FamiLinx is a scientific resource of curated genealogical, demographic, and basic phenotypic data from tens of millions of people mostly from the last 500 years. Different from traditional studies, this resource is the product of an ultra crowd-sourcing approach and is based on the collaborative work of genealogy enthusiasts around the world who documented and shared their family stories.

The starting point of FamiLinx was the public information on Geni.com, a genealogy-driven social network that is operated by MyHeritage. Geni.com allows genealogists to enter their family trees into the website and to create profiles of family members with basic demographic information such as sex, birth date, marital status, and location. The genealogists decide whether they want the profiles in their trees to be public or private. New or modified family tree profiles are constantly compared to all existing profiles, and if there is high similarity to existing ones, the website offers the users the option to merge the profiles and connect the trees.

With permission from MyHeritage, we only downloaded the public profiles of individuals from Geni.com for future scientific studies. We used graph algorithms to clean the data and organize the pedigrees into fast accessible formats. We also employed natural language processing to tokenize birth, residence, death, and burial locations of individuals and converted this information into quantitative longitude and latitude. The format of the FamiLinx data is an SQL database and users can create their own local copy with the download package. We also provide a Python API to query the database with advanced functions for pedigree analysis.

For privacy purposes, the resource does not contain any names and any attempt to re-identify the users is strictly prohibited.

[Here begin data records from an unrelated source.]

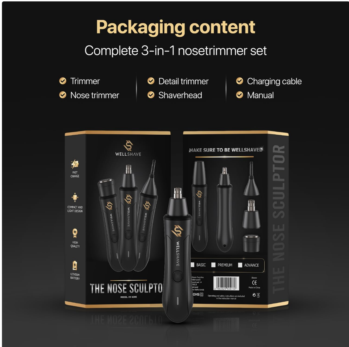
Image: All components included in the Wellshave Advance 3-in-1 Trimmer package.
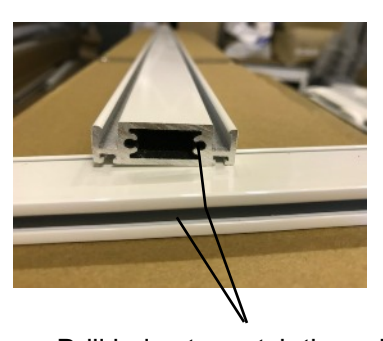
Drill holes to match these holes.
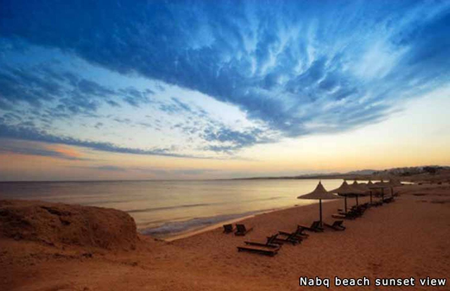
Nabq beach sunset view

The main advantage of FamiLinx is its ultra-large pedigrees. The largest pedigree has 13 million individuals. To the best of our knowledge, this is the largest pedigree compiled for scientific studies.


Examples


An example of a (small) FamiLinx pedigree of 6,000 people that spans over 7 generations:

Green nodes denote individuals and red nodes denote marriages



Migration patterns detected in our data:



The Database


The database has 43,589,566 individuals whose records are organized in 5 tables described below:
  • Relationship: This table describes the child-parent relationships in the database and it serves as the interface to the pedigree structure. To extract a pedigree for an individual one should start with the individual Id and recursively retrieve parents or children from this table.
  • Gender: Self reported gender of individuals.
  • Founders: This table describes the founders and their statistical properties. A founder is an individual who has no parents in the database. For each founder, we report the number of leaves (descendants with no further children), and the maximum, minimum and median number of generations in the family subtree induced by each founder.
  • Location: The location table reports the longitude and latitude birth/residence/death/burial locations of individuals. We used Yahoo! Geoparser to convert the free text into geographic coordinates. We also provide the country (based on current political borders) and the continent. Data is available for 5,404,864 individuals.
  • Years: This table contains birth and death years for 4,351,044 individuals. We only included individuals whose original record in Geni had an exact birthdate / death date in a single day resolution to enhance the quality of the data. We do not report the exact birthdate/deathdate for privacy reasons.
  • Age: This table contains the age at death for 1,039,321 individuals. The information was calculated by substructing the year of death from the year of birth. We only derived this information for individuals whose exact (i.e. single day resolution) date of birth and date of death was known.

Scripts


We also provide a Python interface to access the database and calculate the identity-by-descent (IBD) and Jacquard's 9 Condensed Coefficients of identity between pairs of individuals. The interface integrates the database SQL queries with Mark Abney's IdCoeff program (Abney, Bioinformatics, 2009). It is given as part of the download package or can be accessed in GitHub.